There are plenty of COBOL Programmers out there, the problem is nobody in IT wants to hire old people.
Why would you need a programmer to change people's pay in the system?
Oh, wait; you don't. This is just more politics...
If you're going to pull a lame excuse out of your ass for why a decision can't by fulfilled, don't make it known that you're against said decision.
...expect minimum wage results.
The problem is this person is lying. Seriously, wages change all the time; probably at least once a year people get reviewed and get raises; you're going to tell me there's a 9 month backlog?
And why on earth would it take 50% longer to raise them back up again? That makes absolutely no sense.
There's only one obvious conclusion: the state controller is lying.
Stupid sexy Flanders.
I can easily picture a system that encodes rules about pay grade differences derived from huge piles of laws, union contracts, and so forth. Changing everyone's pay to the same low level would violate all kinds of intertwined constraints and validation checks, and thus be rejected. I imagine the time quoted to make this change is due to the need to work around these cross-checks without eliminating them entirely, as most of the time (i.e., when the governor isn't posturing) they are quite useful to help avoid illegal or improper changes.

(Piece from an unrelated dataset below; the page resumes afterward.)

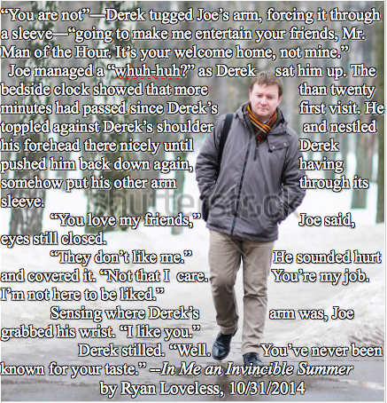I wasn't expecting this book to be so well done, but it really was. In Me an Invincible Summer was a incredibly polished, thoughtful story about a man coming to terms with his sexuality and himself for the first time in his life. If the main character, Joe, was younger, I'd call this a coming of age story. Instead, it is an intense, realistic journey of self-discovery.

When all you have is a hammer, everything looks like a skull.
I don't know about you, but I live in the richest nation on Earth (which has a government that acts like it owns the universe). We spend more than 5x on our military each year (not counting "supplemental" spending on wars, interest on loans for said wars and other related costs) than it would cost to feed every hungry person on the planet, according to UN figures. The workers of the United States are some of the most productive in the world and we collectively create vast riches--for a tiny minority of people at the top who "own" the factories and businesses from which this wealth is extracted. This is nothing more than organized theft.
Under a sane, rational system all workers would share in the wealth we create. When we discover new techniques that make our jobs more efficient, we would all work less--instead of under capitalism, which results in layoffs and fewer people working more. We wouldn't waste trillions on killing people--we'd spend trillions to create good jobs that serve important needs: like educating people, healing them, building efficient mass-transit and clean, renewable energy sources (all of which create more and better jobs than military spending does).
Instead we live in a world where a handful of parasites lets their own short-term, profit-oriented interests dictate policy for the rest of us. They get to force their pro-capitalist dogma onto us in schools, textbooks and via the media they own, so that people believe that the current system is the way things should be and always will be (just as the Church and nobility once taught serfs and merchants to remain in their places).
There's no reason we can't provide a job, food, clothing, shelter and health care for every single person on the planet--except that it wouldn't be profitable for the people at the top, and they are not going to give up their power and privilege without a fight.
Because you aren't changing their salaries. You are paying them a partial salary for the duration of the budget crisis and then back paying them all that remains.
What do you do about health insurance payments -- what if their current options cost more that they are being paid.
Do their 401K deductions and the resulting match go into their account now?
There are a bunch of questions that come up when you start dealing with HR issues. Nothing is ever simple there.
Don't get me wrong I support Arnold's effort to cut state spending to try and lower their defecit. But this might be more difficult to implement than it might seem at first glance.